* **DATA EXCERPTS**:
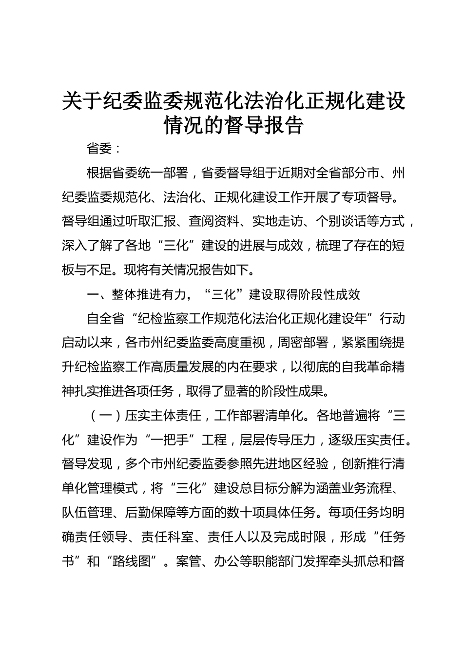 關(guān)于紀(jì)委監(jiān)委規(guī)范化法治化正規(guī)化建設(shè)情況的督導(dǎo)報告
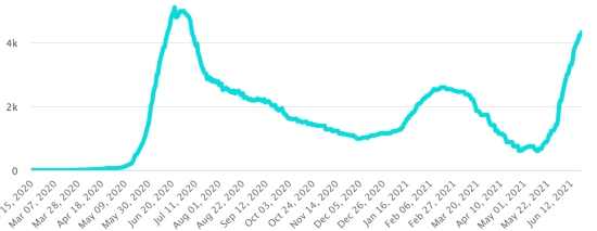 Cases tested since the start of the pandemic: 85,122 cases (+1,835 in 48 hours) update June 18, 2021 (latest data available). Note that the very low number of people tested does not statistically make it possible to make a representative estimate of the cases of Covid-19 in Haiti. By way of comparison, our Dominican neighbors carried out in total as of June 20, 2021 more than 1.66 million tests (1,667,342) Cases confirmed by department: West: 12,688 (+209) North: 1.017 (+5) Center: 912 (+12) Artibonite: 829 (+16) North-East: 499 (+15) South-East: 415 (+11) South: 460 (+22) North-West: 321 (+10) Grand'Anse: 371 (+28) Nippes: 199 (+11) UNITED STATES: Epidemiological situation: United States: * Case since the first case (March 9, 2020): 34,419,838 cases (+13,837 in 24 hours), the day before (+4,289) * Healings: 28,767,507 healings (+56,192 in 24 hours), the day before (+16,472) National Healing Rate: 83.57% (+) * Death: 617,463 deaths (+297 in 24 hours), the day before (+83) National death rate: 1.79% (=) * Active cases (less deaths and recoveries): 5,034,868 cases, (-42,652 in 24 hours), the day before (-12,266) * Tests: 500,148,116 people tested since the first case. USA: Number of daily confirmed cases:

...

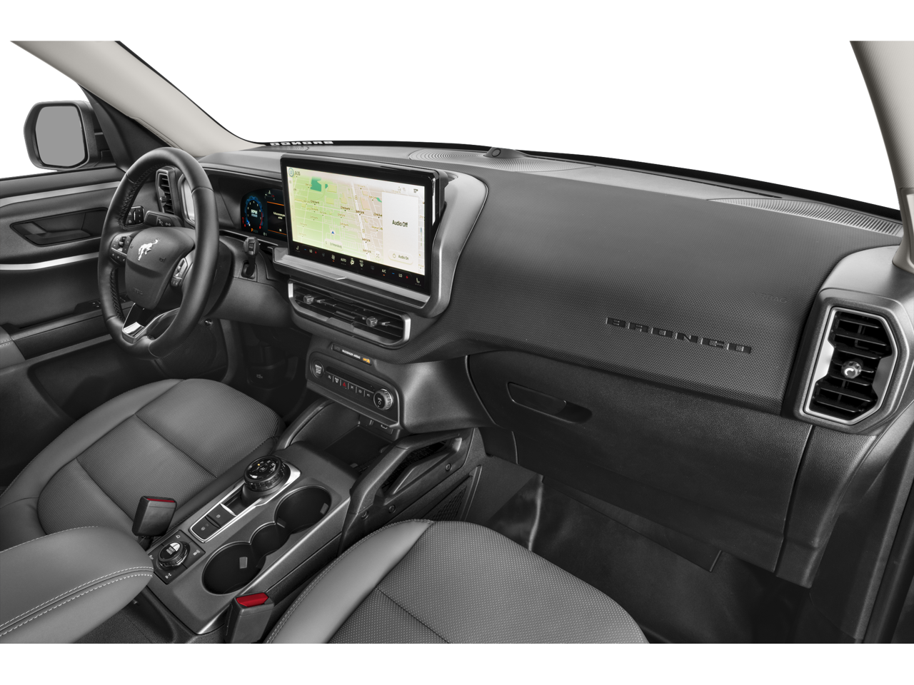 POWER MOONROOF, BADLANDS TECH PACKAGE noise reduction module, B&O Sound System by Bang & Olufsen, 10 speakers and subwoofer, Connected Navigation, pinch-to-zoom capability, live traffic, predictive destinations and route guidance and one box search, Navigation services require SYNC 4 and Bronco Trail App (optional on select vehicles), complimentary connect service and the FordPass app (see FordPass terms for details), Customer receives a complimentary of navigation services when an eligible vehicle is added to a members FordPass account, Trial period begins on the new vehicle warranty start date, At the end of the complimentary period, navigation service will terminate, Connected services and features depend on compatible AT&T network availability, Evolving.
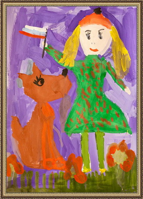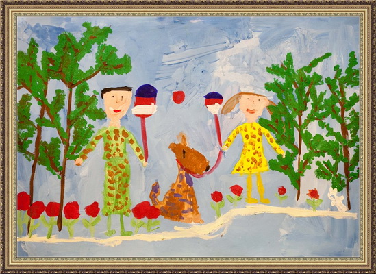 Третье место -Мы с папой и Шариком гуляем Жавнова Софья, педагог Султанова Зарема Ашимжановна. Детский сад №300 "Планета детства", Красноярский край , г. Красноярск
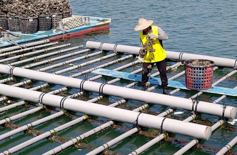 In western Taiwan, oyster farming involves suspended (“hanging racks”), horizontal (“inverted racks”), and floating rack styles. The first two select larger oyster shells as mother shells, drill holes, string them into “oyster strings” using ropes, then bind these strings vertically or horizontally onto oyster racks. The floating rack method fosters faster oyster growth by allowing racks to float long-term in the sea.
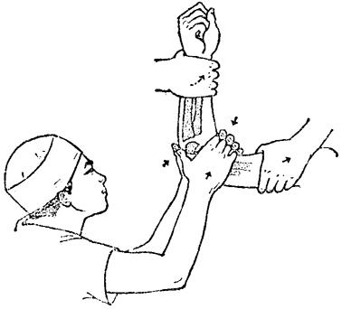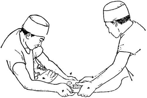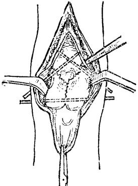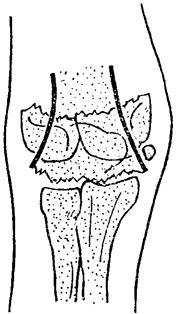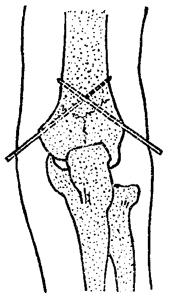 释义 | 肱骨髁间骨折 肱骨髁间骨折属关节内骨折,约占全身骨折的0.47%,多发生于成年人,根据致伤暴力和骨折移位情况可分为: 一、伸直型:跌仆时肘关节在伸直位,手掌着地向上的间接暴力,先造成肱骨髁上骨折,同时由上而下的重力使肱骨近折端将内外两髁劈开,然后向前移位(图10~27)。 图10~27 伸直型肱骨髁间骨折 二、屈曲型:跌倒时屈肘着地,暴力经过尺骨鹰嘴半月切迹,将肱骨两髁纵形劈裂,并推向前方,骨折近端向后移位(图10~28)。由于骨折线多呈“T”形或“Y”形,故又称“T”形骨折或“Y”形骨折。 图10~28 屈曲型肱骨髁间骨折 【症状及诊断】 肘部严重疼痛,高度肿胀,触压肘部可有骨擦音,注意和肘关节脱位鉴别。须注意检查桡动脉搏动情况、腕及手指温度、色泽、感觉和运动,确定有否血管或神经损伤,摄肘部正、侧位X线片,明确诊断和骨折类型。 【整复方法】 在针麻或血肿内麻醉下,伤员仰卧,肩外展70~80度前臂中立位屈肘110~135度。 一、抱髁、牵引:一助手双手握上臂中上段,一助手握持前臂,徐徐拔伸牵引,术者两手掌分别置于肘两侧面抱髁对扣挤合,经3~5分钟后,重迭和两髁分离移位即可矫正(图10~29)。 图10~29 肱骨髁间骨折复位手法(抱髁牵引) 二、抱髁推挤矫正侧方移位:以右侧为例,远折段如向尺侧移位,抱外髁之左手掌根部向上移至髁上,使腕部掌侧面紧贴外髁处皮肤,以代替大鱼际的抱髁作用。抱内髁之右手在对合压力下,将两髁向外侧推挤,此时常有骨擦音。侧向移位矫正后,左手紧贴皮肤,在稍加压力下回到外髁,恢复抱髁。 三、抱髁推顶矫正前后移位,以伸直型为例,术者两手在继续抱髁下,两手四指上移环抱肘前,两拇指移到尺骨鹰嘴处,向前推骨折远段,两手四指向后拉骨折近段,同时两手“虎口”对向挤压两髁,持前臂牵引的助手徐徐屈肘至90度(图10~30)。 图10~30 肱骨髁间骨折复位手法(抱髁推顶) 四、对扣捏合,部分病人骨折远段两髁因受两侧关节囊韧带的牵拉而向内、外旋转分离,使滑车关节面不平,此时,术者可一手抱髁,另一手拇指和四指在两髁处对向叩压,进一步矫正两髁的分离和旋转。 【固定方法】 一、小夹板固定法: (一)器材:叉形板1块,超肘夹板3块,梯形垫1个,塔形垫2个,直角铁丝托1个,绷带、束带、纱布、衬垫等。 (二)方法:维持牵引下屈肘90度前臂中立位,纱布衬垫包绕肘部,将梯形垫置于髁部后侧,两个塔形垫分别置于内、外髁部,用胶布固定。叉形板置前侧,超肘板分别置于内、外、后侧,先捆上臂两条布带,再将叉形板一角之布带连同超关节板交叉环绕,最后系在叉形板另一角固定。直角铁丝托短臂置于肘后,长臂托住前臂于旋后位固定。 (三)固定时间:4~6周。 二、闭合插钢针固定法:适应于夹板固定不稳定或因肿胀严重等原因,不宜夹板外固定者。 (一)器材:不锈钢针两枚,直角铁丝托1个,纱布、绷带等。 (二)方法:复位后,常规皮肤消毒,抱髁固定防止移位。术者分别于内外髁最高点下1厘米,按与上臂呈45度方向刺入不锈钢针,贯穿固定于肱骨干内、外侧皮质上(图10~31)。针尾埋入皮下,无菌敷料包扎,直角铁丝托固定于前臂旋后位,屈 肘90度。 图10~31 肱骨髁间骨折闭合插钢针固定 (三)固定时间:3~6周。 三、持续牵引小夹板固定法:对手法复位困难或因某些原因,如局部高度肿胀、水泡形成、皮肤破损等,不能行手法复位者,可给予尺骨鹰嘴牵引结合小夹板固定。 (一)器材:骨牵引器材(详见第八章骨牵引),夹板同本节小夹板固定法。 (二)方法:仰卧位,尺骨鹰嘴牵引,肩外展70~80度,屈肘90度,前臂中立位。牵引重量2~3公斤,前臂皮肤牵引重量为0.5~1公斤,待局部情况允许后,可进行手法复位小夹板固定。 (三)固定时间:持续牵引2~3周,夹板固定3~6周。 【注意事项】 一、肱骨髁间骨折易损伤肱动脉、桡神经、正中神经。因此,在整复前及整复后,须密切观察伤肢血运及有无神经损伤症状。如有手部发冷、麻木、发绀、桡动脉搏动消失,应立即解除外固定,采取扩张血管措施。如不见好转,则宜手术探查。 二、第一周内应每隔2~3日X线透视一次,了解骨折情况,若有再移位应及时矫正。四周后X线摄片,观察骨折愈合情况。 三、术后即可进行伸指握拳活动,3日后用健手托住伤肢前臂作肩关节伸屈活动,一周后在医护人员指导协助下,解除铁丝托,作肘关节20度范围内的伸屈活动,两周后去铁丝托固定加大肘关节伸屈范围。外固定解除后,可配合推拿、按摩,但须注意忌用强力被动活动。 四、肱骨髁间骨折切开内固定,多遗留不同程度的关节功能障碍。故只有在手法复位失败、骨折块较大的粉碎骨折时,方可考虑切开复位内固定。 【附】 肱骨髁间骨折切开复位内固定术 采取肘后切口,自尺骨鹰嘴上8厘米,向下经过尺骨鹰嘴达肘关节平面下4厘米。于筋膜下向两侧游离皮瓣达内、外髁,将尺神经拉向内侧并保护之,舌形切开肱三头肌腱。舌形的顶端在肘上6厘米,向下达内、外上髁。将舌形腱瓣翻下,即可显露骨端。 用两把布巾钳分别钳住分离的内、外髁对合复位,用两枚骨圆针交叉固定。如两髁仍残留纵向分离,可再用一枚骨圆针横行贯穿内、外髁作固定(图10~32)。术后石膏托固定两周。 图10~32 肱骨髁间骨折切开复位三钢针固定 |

--

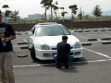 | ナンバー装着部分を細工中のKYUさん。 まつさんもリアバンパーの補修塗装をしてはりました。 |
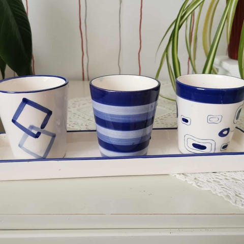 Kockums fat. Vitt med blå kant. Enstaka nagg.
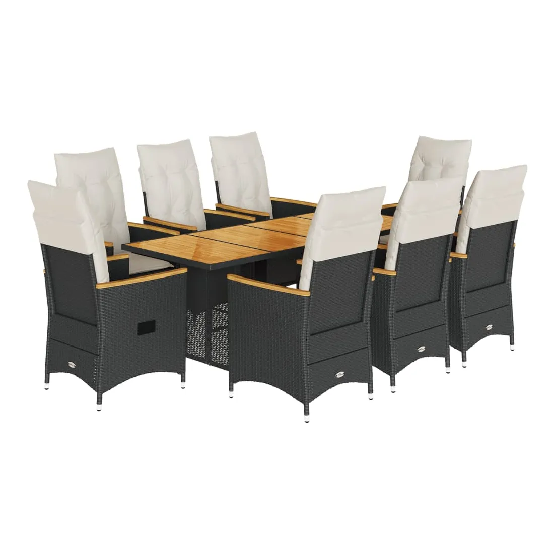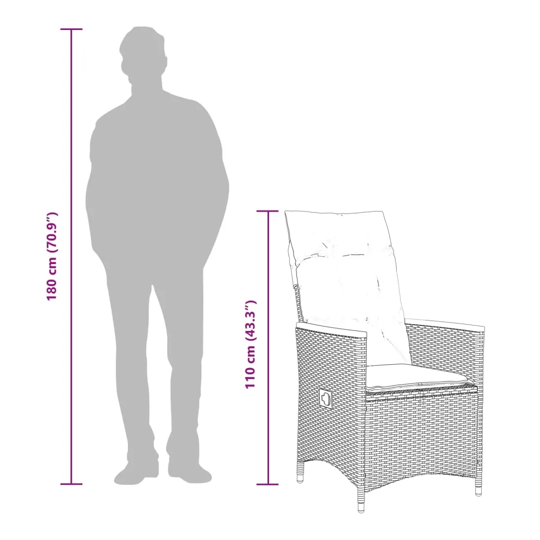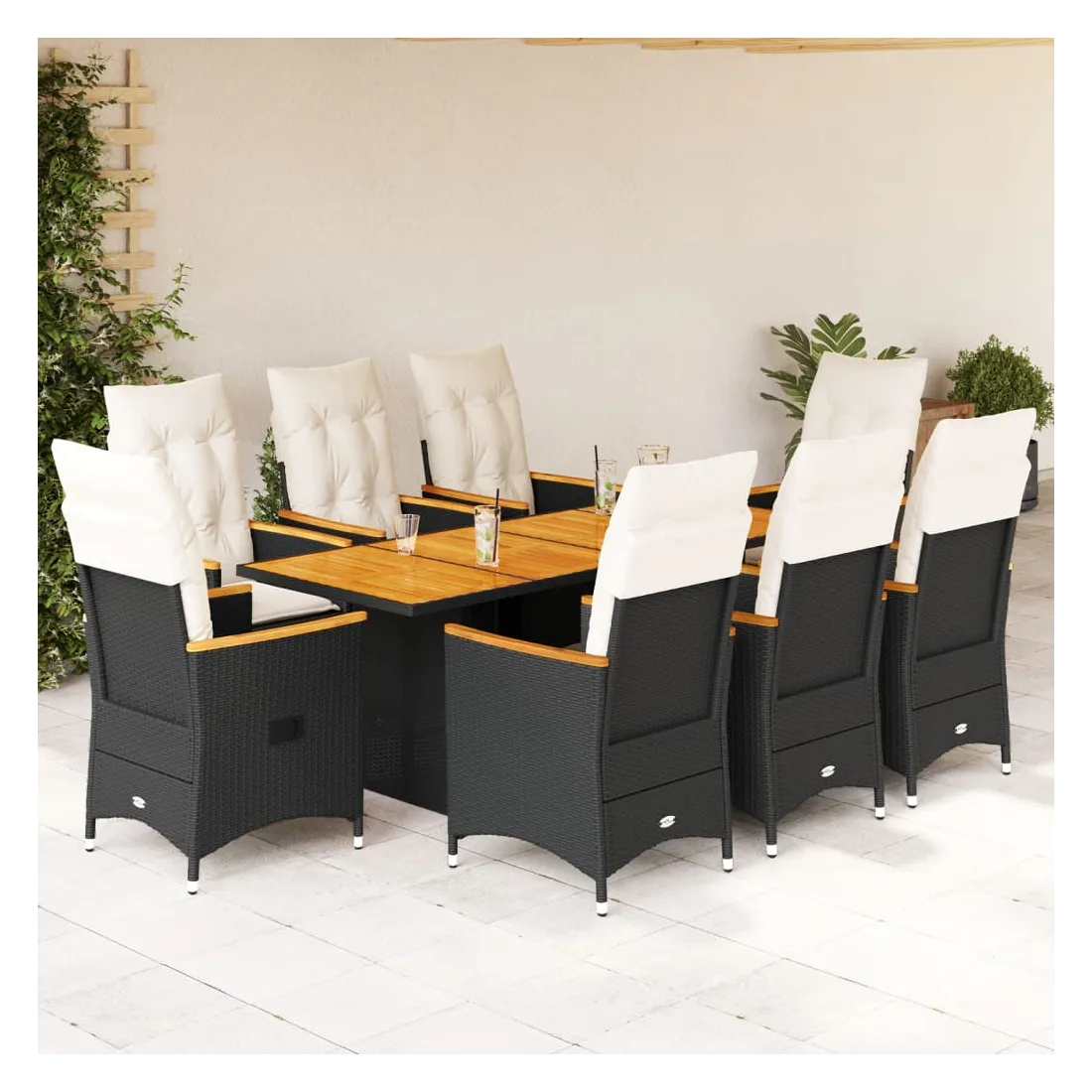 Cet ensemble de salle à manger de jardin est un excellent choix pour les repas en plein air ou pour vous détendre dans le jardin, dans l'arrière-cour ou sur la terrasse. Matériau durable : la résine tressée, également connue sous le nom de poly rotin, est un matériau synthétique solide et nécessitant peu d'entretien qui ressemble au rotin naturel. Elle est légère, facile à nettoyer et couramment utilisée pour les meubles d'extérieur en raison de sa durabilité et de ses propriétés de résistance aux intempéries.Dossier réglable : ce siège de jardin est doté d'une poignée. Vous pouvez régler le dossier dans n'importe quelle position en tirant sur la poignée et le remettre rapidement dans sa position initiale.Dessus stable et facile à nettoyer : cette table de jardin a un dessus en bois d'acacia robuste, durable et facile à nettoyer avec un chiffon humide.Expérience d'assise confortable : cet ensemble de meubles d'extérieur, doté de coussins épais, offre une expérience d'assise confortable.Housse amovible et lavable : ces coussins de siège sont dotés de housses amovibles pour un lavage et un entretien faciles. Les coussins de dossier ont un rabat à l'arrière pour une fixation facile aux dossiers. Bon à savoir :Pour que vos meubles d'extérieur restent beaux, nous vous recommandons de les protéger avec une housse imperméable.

* **TASK INSTRUCTIONS**: Using the data above, output the line that has "關(guān)于紀(jì)委", the line that has "Cases tested since", and whatever lines fall between, each exactly as it stands and without pictures.

* **ANSWER FOR THIS EXERCISE**:
 關(guān)于紀(jì)委監(jiān)委規(guī)范化法治化正規(guī)化建設(shè)情況的督導(dǎo)報告
 Cases tested since the start of the pandemic: 85,122 cases (+1,835 in 48 hours) update June 18, 2021 (latest data available). Note that the very low number of people tested does not statistically make it possible to make a representative estimate of the cases of Covid-19 in Haiti. By way of comparison, our Dominican neighbors carried out in total as of June 20, 2021 more than 1.66 million tests (1,667,342) Cases confirmed by department: West: 12,688 (+209) North: 1.017 (+5) Center: 912 (+12) Artibonite: 829 (+16) North-East: 499 (+15) South-East: 415 (+11) South: 460 (+22) North-West: 321 (+10) Grand'Anse: 371 (+28) Nippes: 199 (+11) UNITED STATES: Epidemiological situation: United States: * Case since the first case (March 9, 2020): 34,419,838 cases (+13,837 in 24 hours), the day before (+4,289) * Healings: 28,767,507 healings (+56,192 in 24 hours), the day before (+16,472) National Healing Rate: 83.57% (+) * Death: 617,463 deaths (+297 in 24 hours), the day before (+83) National death rate: 1.79% (=) * Active cases (less deaths and recoveries): 5,034,868 cases, (-42,652 in 24 hours), the day before (-12,266) * Tests: 500,148,116 people tested since the first case. USA: Number of daily confirmed cases:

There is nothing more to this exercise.